Look below for the line with "- Ảnh: RT |"; begin the copy there and stop after the line with "reattached C8 | ||", keeping the text exact and the pictures out.

[Items from a dataset]
========

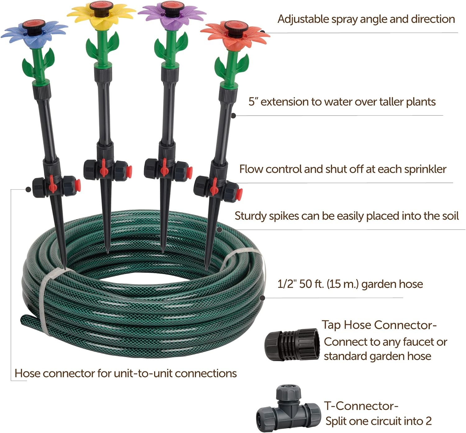 • Set includes (4) adjustable sprinklers, (1) 3-way hose connector, (1) hose connector, (4) extensions (increase the height by 5 inches), and (1) 50 ft. ½” standard hose.
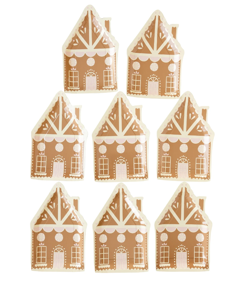 Create a cozy scene at the table this Christmas with these whimsical gingerbread house shaped plates.
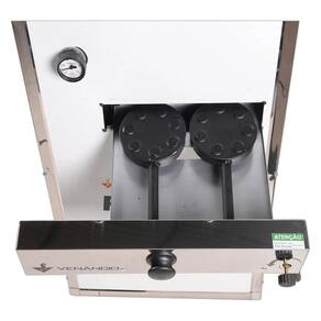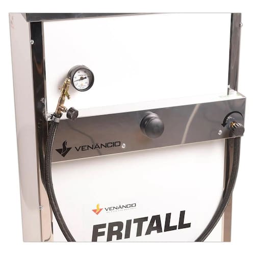 Em sua parte frontal, ficam o termômetro onde o usuário pode ter acesso a temperatura do óleo, puxador da gaveta do queimador, que permite o fácil acendimento do equipamento e botão regulador giratório responsável por abrir e fechar o gás.
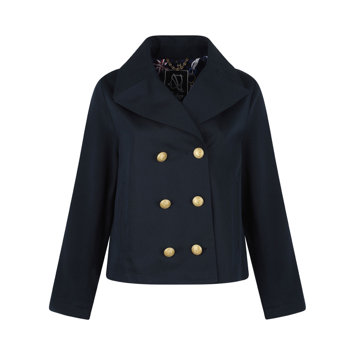 Sealup Navy Blue Lined Peacoat. Navy blue lined peacoat, double breasted, original sailor buttons in brass, welt pockets.
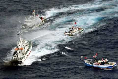 | Tàu cá Đài Loan và tàu công vụ Nhật Bản đấu vòi rồng trên biển năm ngoái - Ảnh: RT |
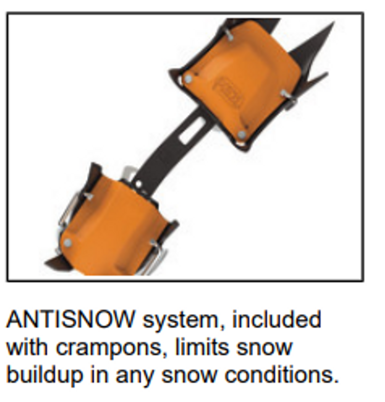 - ANTISNOW system, included with crampons, limits snow buildup in any snow conditions
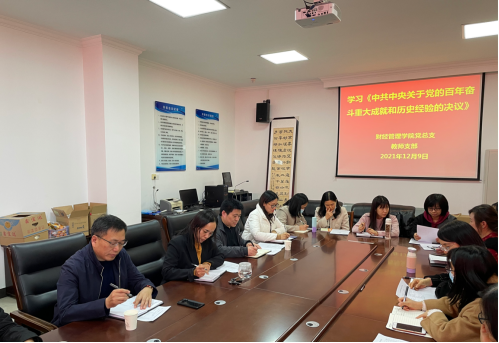 12月9日下午,财经管理学院教师支部在512会议室举行学习《中共中央关于党的百年奋斗重大成就和历史经验的决议》活动。专题学习活动由我院教师支部书记张毅飞主持,全体党员参与学习。
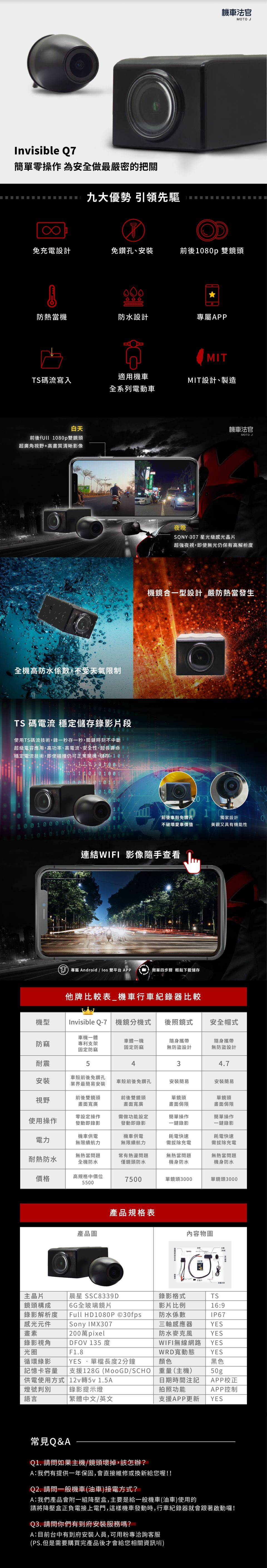 前後行車記錄器安裝費用重機約$2500、機車約$1500,充電線組安裝費用重機約$1500、機車約$1000。
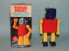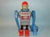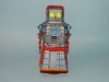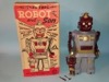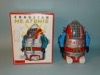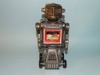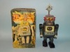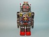 | Lot # 38 - MR. ROBOT: Yonezawa..10.5"H tin BO. Moves with mystery action as head lights and brain spins. The color wheel attached to his brain needs to be reattached C8 | ||
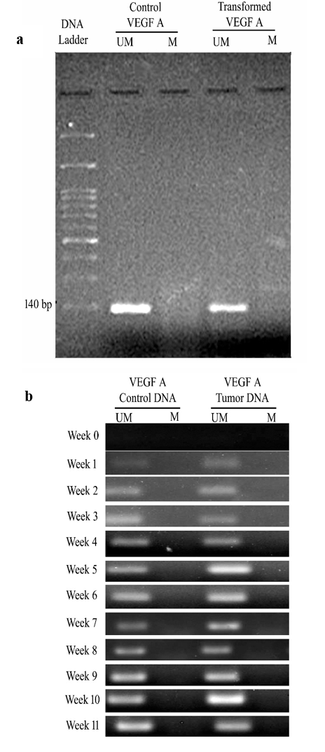 Similarly, the MSP for VEGFA, as shown in Figures 3a and 3b, clearly revealed the presence of unmethylated VEGFA in both cell conditions (Control and transformed). The band intensity showed no difference for unmethylated amplicons of product size 140 bp (Table SII). When injected into the nude mice, unmethylated VEGFA appeared in the blood circulation from weeks 1 to 11. The results from the band intensities showed elevated levels up to 1.3547 in the tumorigenic animal when compared to the control animal (Table SIII).
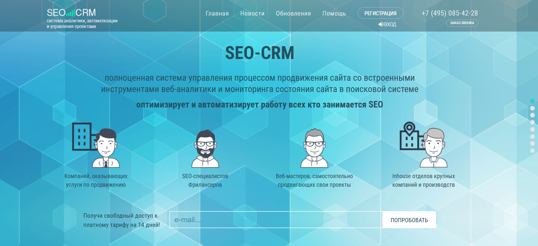 Наша платформа предназначена как для специализированных компаний, так и для фрилансеров, ставлящих своей целью совершенствование работы оптимизатора.
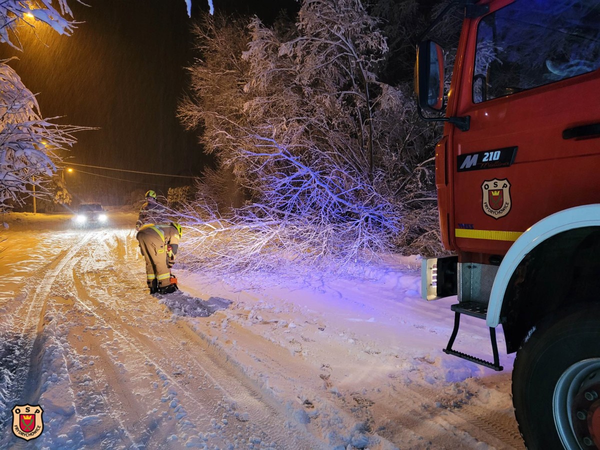 Przewrócone drzewo znajdowało na chodniku oraz jednym pasie drogi, zagrożenie zostało usunięte przy pomocy pilarki do drewna.
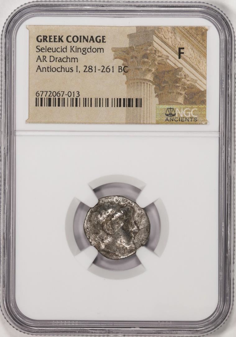 One 281-261 BC Seleucid Kingdom Antiochus I AR Drachm Ancient Greek Coin NGC F. NGC Certified.
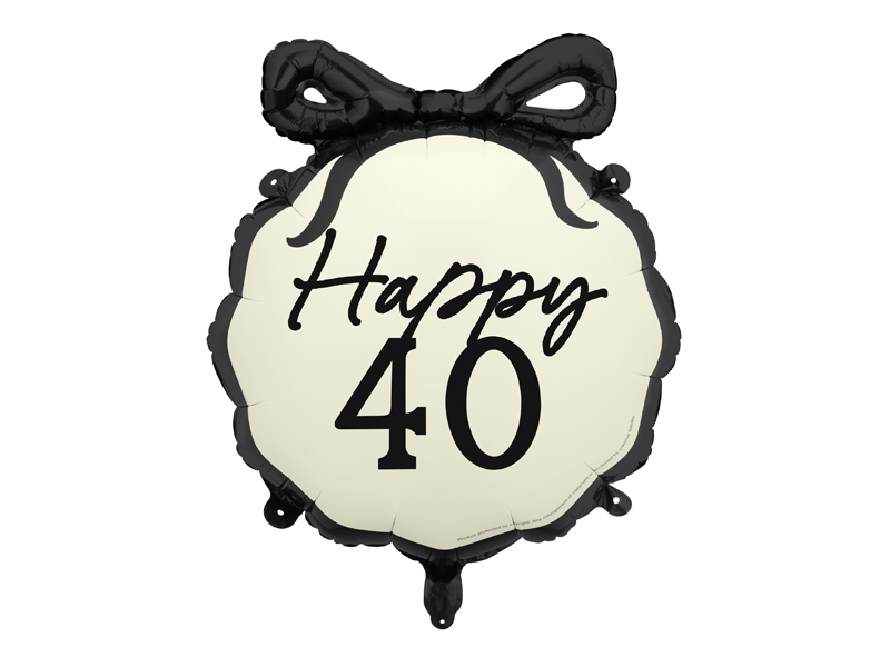 Foil Balloon Pill Happy ''40'', mix of colors. Dimensions before inflation approx. 57.5 x 56 cm (22.5 x 22''), dimensions after inflation approx. 47.5 x 45 cm (18.5 x 17.5''). For inflation with air and helium. Set includes a straw.

========

* _OUTPUT BELOW_:
 | Tàu cá Đài Loan và tàu công vụ Nhật Bản đấu vòi rồng trên biển năm ngoái - Ảnh: RT |
 - ANTISNOW system, included with crampons, limits snow buildup in any snow conditions
 12月9日下午,财经管理学院教师支部在512会议室举行学习《中共中央关于党的百年奋斗重大成就和历史经验的决议》活动。专题学习活动由我院教师支部书记张毅飞主持,全体党员参与学习。
 前後行車記錄器安裝費用重機約$2500、機車約$1500,充電線組安裝費用重機約$1500、機車約$1000。
 | Lot # 38 - MR. ROBOT: Yonezawa..10.5"H tin BO. Moves with mystery action as head lights and brain spins. The color wheel attached to his brain needs to be reattached C8 | ||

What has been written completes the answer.